(Dieci grandi anime) - Antonia Pozzi (4.)
Allo
stesso modo di queste cose sorelle,
anche Antonia diventa un cero sui fiori d’autunno. La sua vita, brevemente
consumata, si rende eterna in un sacrificio di luce.
Fa
parte di questa disperazione mortale anche la crudele oppressione che si
esercita sulle nostre giovinezze sfiorite, scrive Antonia nel suo biglietto di addio. (8)
E’ probabile che l’essere vissuta in un periodo
così estremo, nel pieno di rivolgimenti drammatici, abbia giocato un ruolo
nella sua decisione finale. Ma, nel
mistero di una fine violenta e prematura – che la accomuna a molte poetesse e
poeti del novecento, Ingeborg Bachmann, Sylvia Plath, Virginia Woolf, Marina
Cvetaeva, e poi Paul Celan, Cesare Pavese, Carlo Michelstaedter – c’è, in
Antonia, nella sua intera opera poetica e ancora di più nella sua sofferta
esistenza, un soffio di consapevolezza sacra.
Un sacro
– anche qui – che è difficile restringere nei rigidi recinti della liturgia e
della confessione ortodossa. La
Pozzi infatti non fu mai religiosa praticante, anche se così
tante pagine della sua poesia, delle
lettere, e del Diario (9) sono percorse da un febbrile senso e da un altrettanto
inquieto bisogno del divino.
Con Antonio Maria Cervi – fervente
cattolico – sarà proprio questo uno dei punti di attrito e di sofferto
fraintendimento.
Tu,
tu che mi dici che io non ho niente di sacro… - scrive Antonia a Cervi il
1. marzo del 1932 – oh, è atroce, è
atroce che tu mi dica così, perché vuol dire che dove io tengo le mie cose più
sacre tu non sei mai, mai penetrato e non hai nemmeno veduto che per me è sacro
tutto quello che è sacro per te. (10)
Per Antonia, questo punto a quanto pare non
riesce a capirlo nessuno di coloro che le sono vicini, è difficile –
sperimentando le difficoltà di una vita sovrasensibile
e mancante di risposte adeguate – ritrovare quel Dio semplice nel quale, “da
bambina, aveva insegnato a credere ai piccoli montanari, che scendevano a
Pasturo per frequentarvi la scuola, e sul quale era solita intrattenere per ore
la Sandra , la
sua compagna di giochi, dopo averla aiutata a fare i compiti di scuola, per
dare il tempo a lei, di condizioni non
agiate, di badare ai fratellini”. (11)
Dio può essere abitato e vissuto
pienamente soltanto a prezzo di una
vita vera, vissuta. E Antonia, non
riesce a viverla pienamente. Il suicidio
che mette in scena è un vuoto pieno di vita, è una vita pienamente raggiunta –
per le possibilità che può offrire – e pienamente, dolorosamente abbandonata.

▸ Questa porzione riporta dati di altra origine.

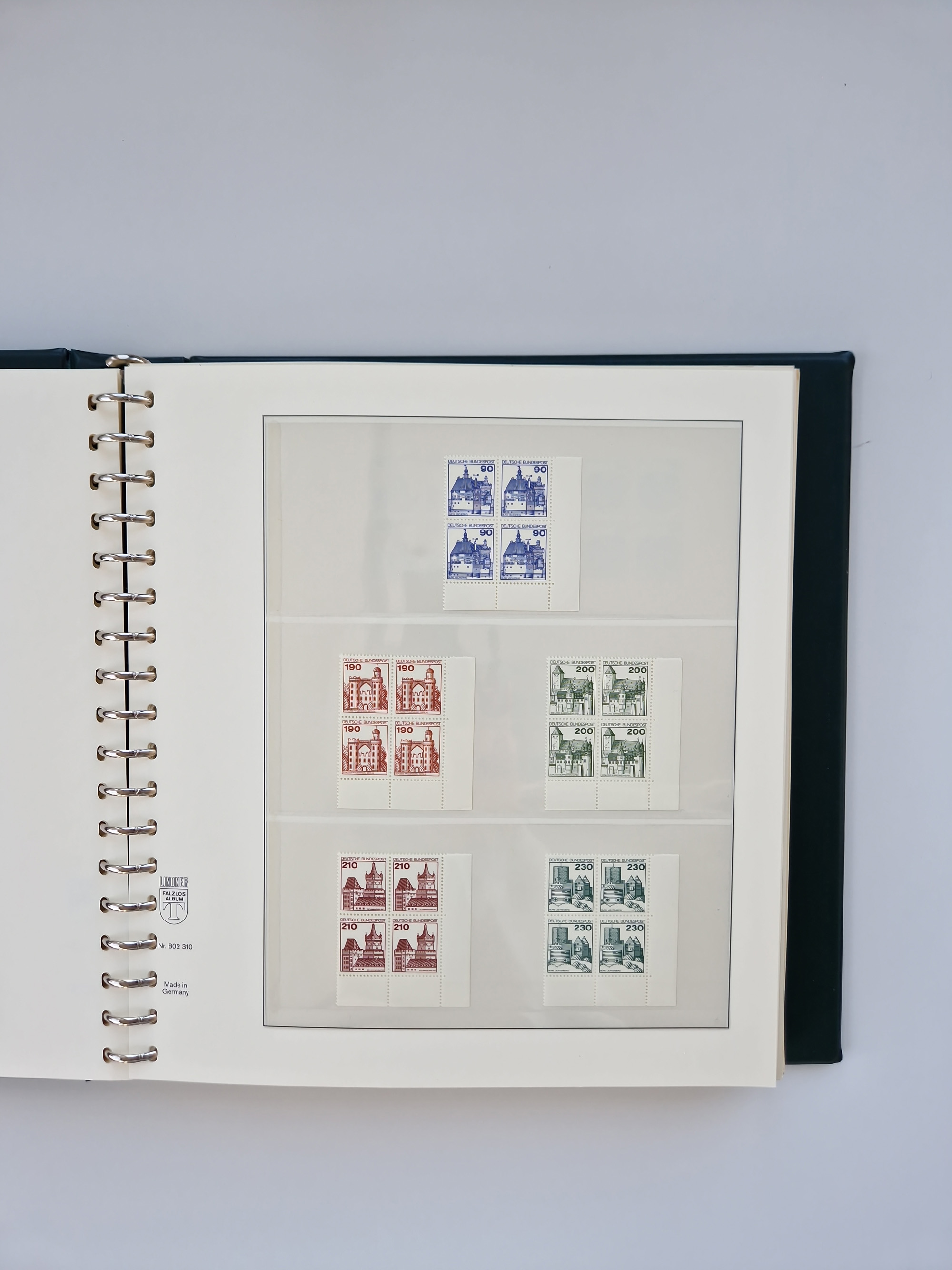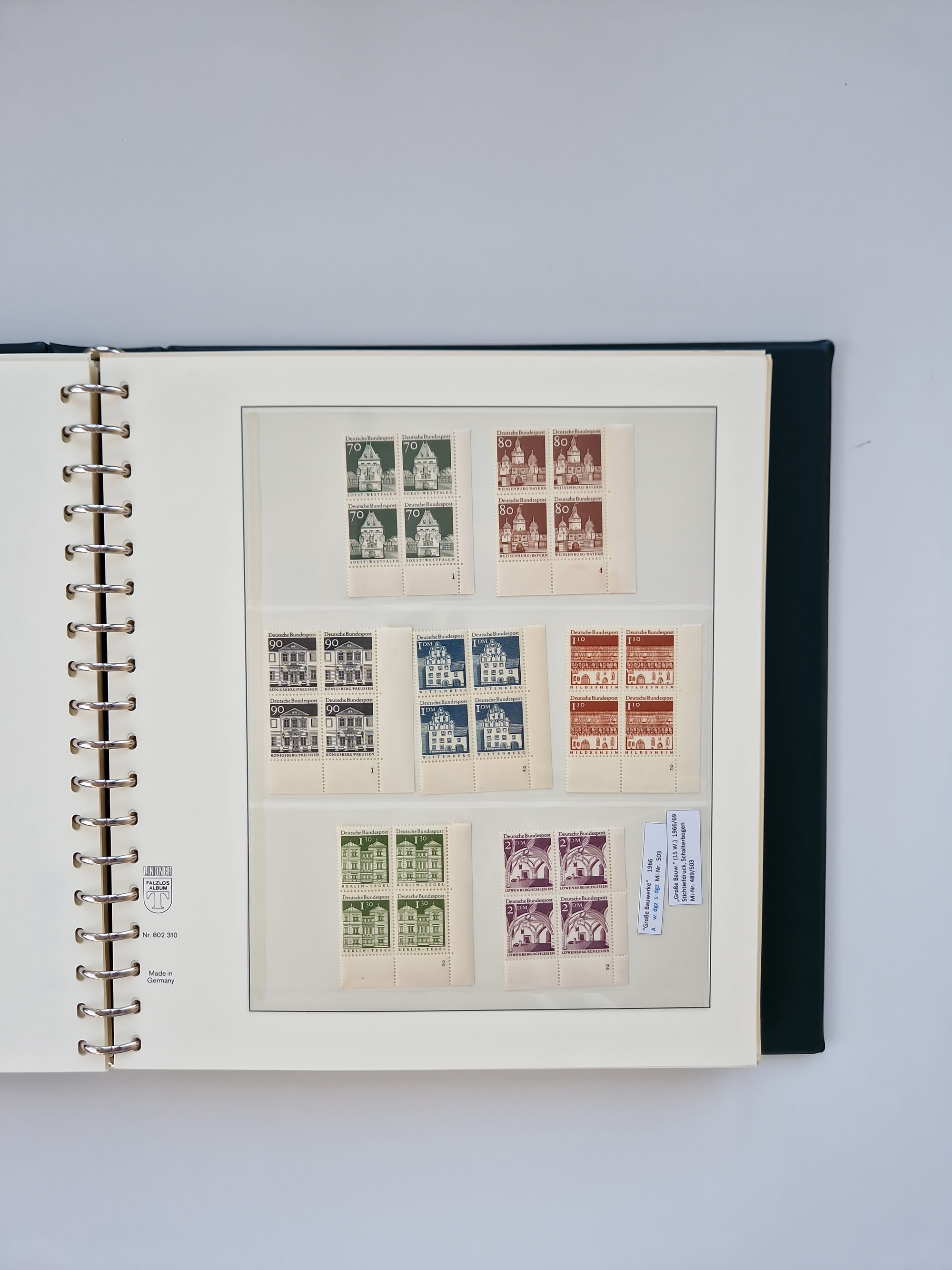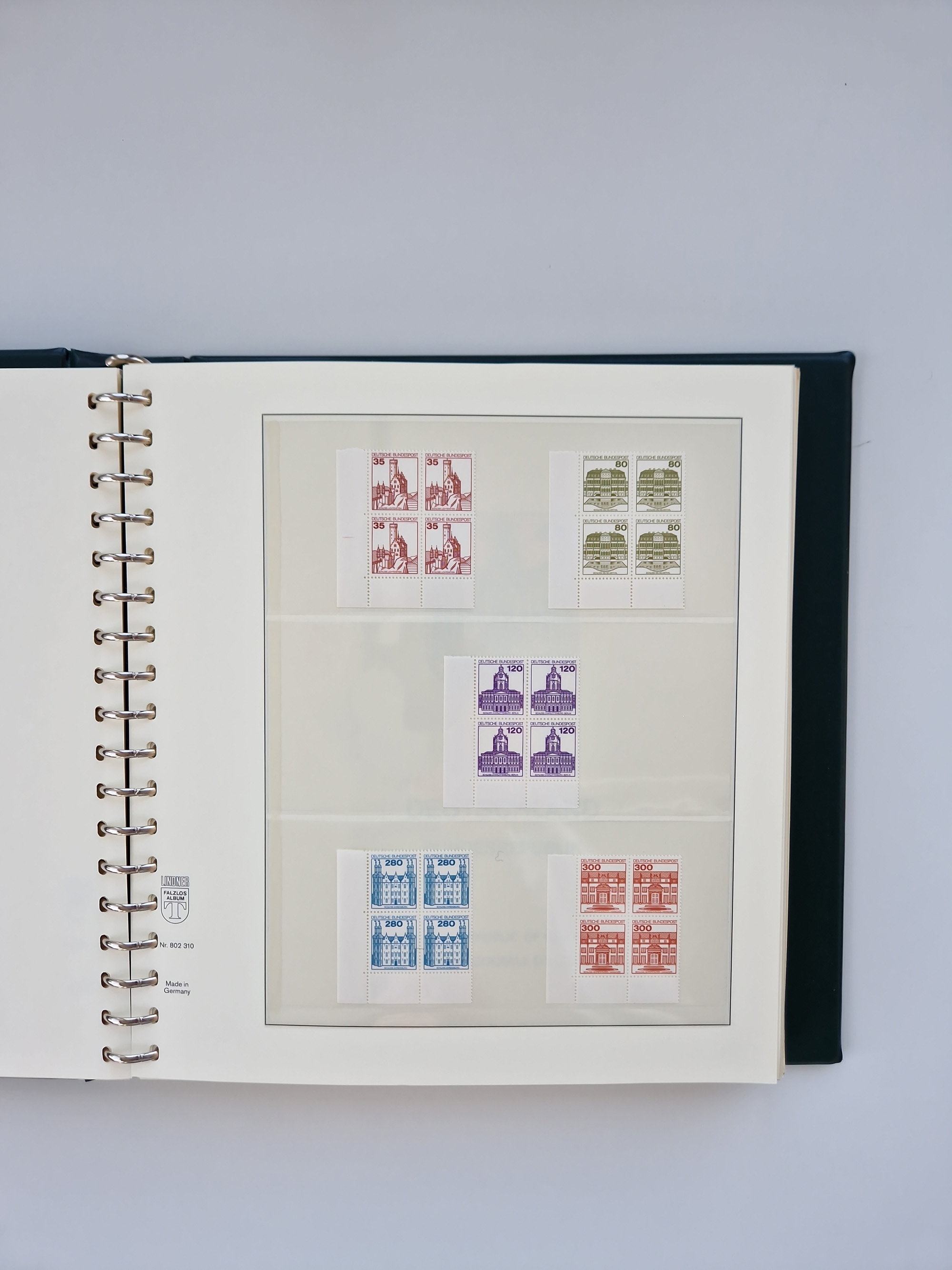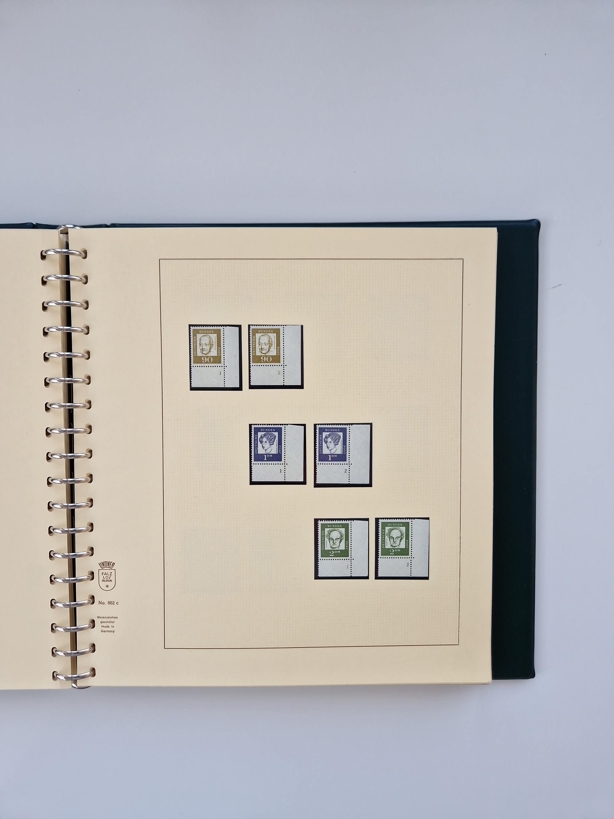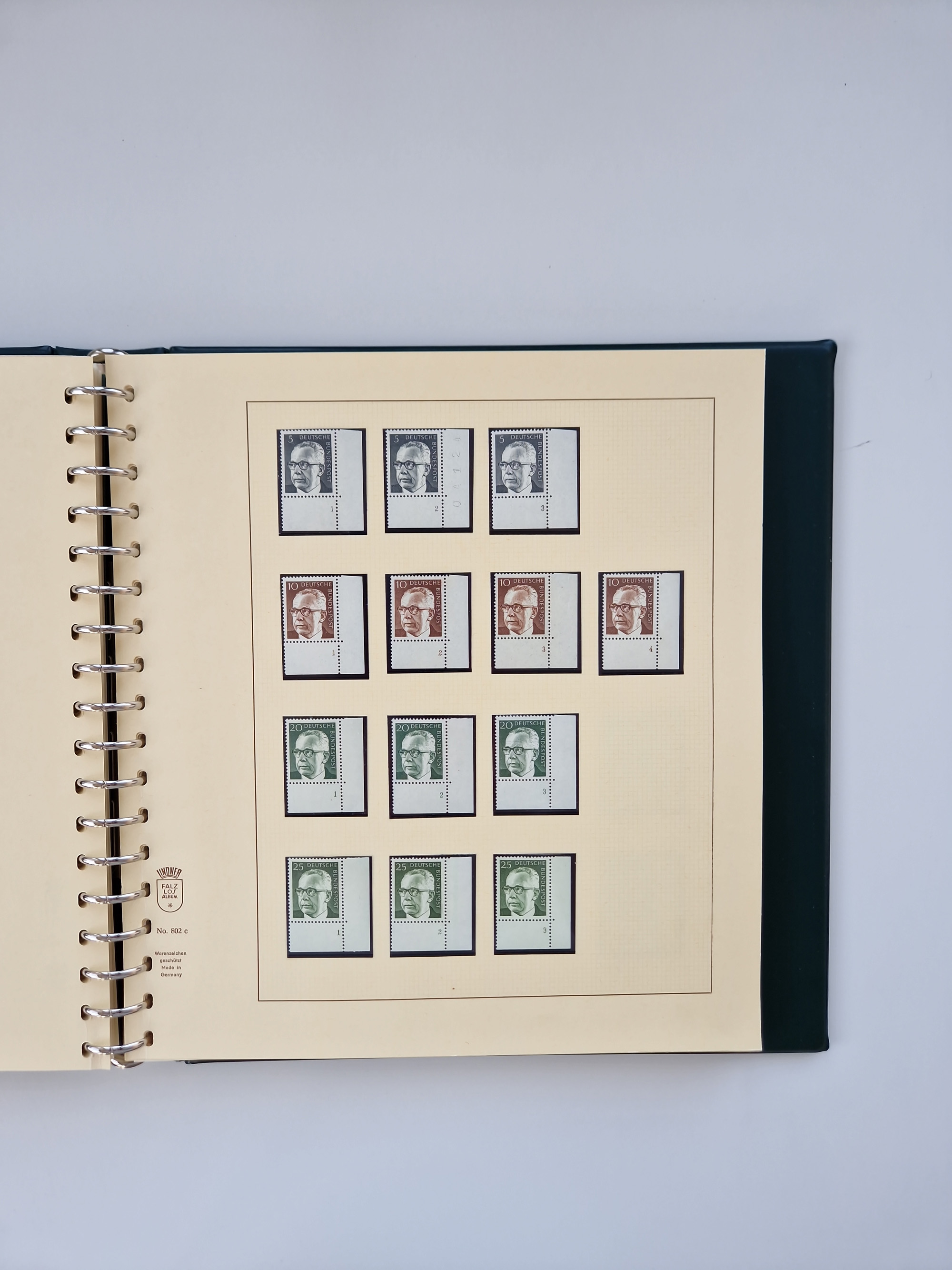 1951/94, postfrische Sammlung Dauerserien, dabei Posthorn in waagerechten oder senkrechten Paaren mit 3 Attesten und 6 Befunden A. Schlegel BPP, Heuss I Eckrandviererblocks, teils mit Druckerzeichen (Attest H.-D. Schlegel BPP). Heuss lumogen mit DZ Befund H.-D. Schlegel BPP. Heuss II Befund H-D Schlegel BPP. Danach Heuss III bis bedeutende Frauen 1994 alles Eckrandviererblocks oben links mit vielen Druckerzeichen und sonstigen Randbesonderheiten, im Lindner-Falzlosalbum.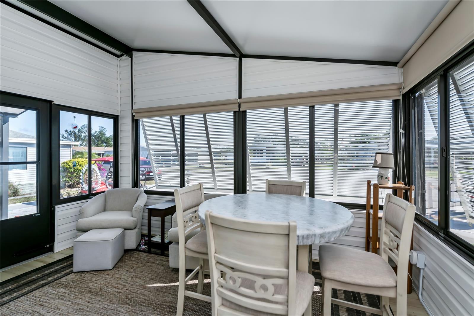 If you love being a part of a vivacious, activity rich 55+ gated community located just minutes from some of the most beautiful natural beaches in SWFL but also love being tucked away on a private and quiet cul-de-sac, then THIS is your PARADISE FOUND! RESIDENT OWNED LAND - NO LOT RENTAL!! Sitting on one of the largest lots this thriving community has to offer, backing up to beautiful green space and full of updates, this move-in-ready TURNKEY FURNISHED 1200 sqft beauty is waiting for you! Sporting stylish Bahama hurricane shutters, new weather tight Florida Room, new roof, new carport, new laminate flooring, new doors, new furniture throughout as well as new washer and dryer (2019) and new AC/Furnace in 2018. The kitchen, which includes a closet pantry and breakfast bar, was recently upgraded with new stainless steel appliances, new tile backsplash and resurfaced cabinets. Both bathrooms have been updated with new sinks and the entire interior has been freshly painted. Attached to the home you will find the laundry and shed area which has been expanded to the maximum size allowed by the association providing plenty of room for projects and storage. The large backyard provides more than enough room to add an amazing outdoor oasis. If this home and community doesn't provide enough excitement for you then lets talk about one of the last hidden small beach towns of SWFL - ENGLEWOOD! Whether its beaches, fishing, boating, golf, restaurant options, coffee and shopping on Dearborn Street, live music nearly every night, amazing community organizations, Englewood is a place to fall in love with that will, without a doubt, love you back! Englewood is situated just south of Sarasota and Venice, west of Wellen Park and north of Punta Gorda with access to miles of beaches, tons of restaurants and shopping, 2 major airports, shopping malls and endless recreational activities!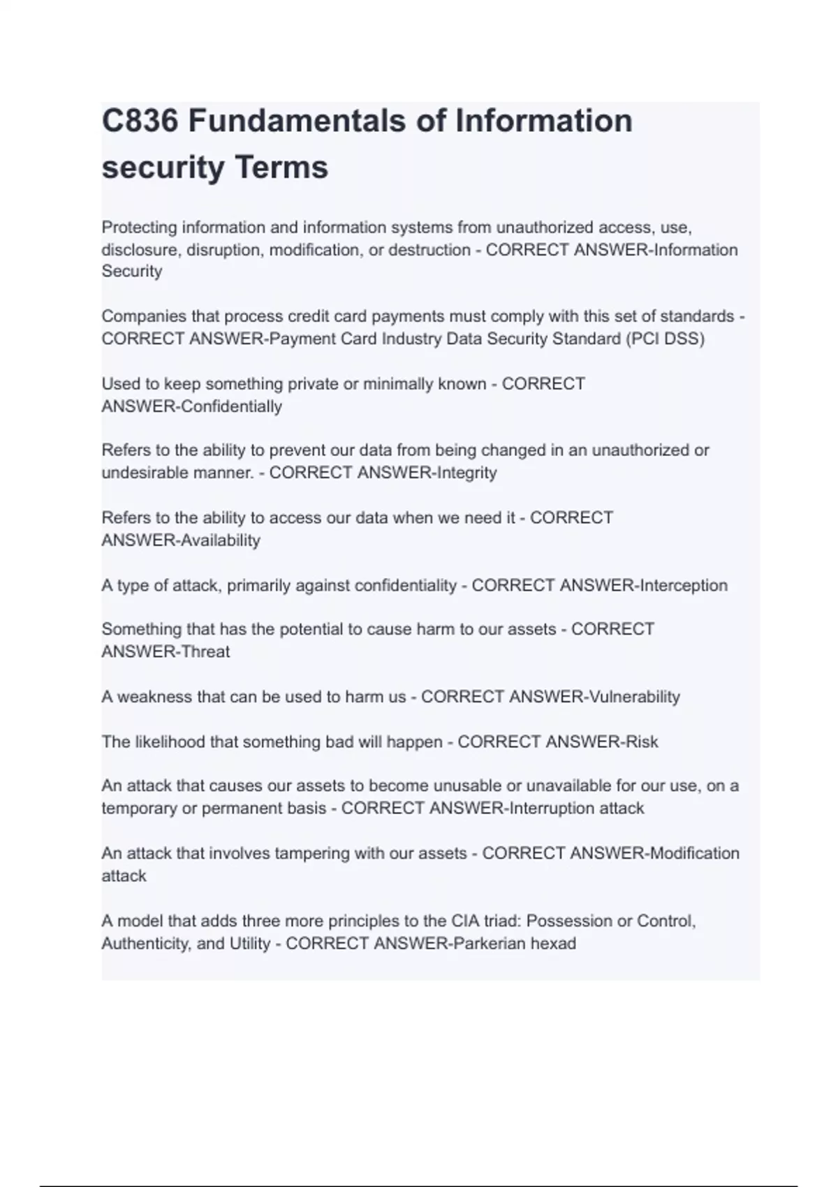 C836 Fundamentals of Information security Terms Protecting information and information systems from unauthorized access, use, disclosure, disruption, modification, or destruction - CORRECT ANSWER-Information Security Companies that process credit card payments must comply with this set of standards - CORRECT ANSWER-Payment Card Industry Data Security Standard (PCI DSS) Used to keep something private or minimally known - CORRECT ANSWER-Confidentially Refers to the ability to prevent our data from being changed in an unauthorized or undesirable manner. - CORRECT ANSWER-Integrity Refers to the ability to access our data when we need it - CORRECT ANSWER-Availability A type of attack, primarily against confidentiality - CORRECT ANSWER-Interception Something that has the potential to cause harm to our assets - CORRECT ANSWER-Threat A weakness that can be used to harm us - CORRECT ANSWER-Vulnerability The likelihood that something bad will happen - CORRECT ANSWER-Risk An attack that causes our assets to become unusable or unavailable for our use, on a temporary or permanent basis - CORRECT ANSWER-Interruption attack An attack that involves tampering with our assets - CORRECT ANSWER-Modification attack A model that adds three more principles to the CIA triad: Possession or Control, Authenticity, and U

Ma in una prospettiva intima, segreta, di
speranza.
Soltanto un anno prima di morire, il 13 maggio del 1937, e di trasmettere – del tutto inedito – il suo
grande lascito poetico che oggi appare più vitale e più ispirato che mai, scriveva una poesia intitolata Amor fati che appare, in appena otto versi, una specie di summa del suo sofferto percorso spirituale :
Quando
dal mio buio traboccherai
di
schianto
in una cascata
di sangue –
navigherò con una rossa vela
per orridi silenzi
ai cratèri
della luce promessa. (12)
Fabrizio Falconi © - proprietà riservata/riproduzione vietata.
8.
Il cosiddetto Testamento, ovvero il biglietto d’addio di Antonia, contenuto nella
borsetta che aveva il giorno del suicidio, è pubblicato in Antonia Pozzi, L’età delle parole è finita, op. cit.
pag. 112.
9.
I Diari
di Antonia Pozzi sono pubblicati in Italia da Scheiwiller, Milano 1988.
10.
Antonia
Pozzi, L’età delle parole è finita,
op. cit. pag. 47.
11.
Così
Onorina Dino in Le lettere di Antonia
Pozzi, in L’età delle Parole è
finita, op. cit. pag. 125.
12.
Antonia Pozzi, Parole, op. cit. pag. 293.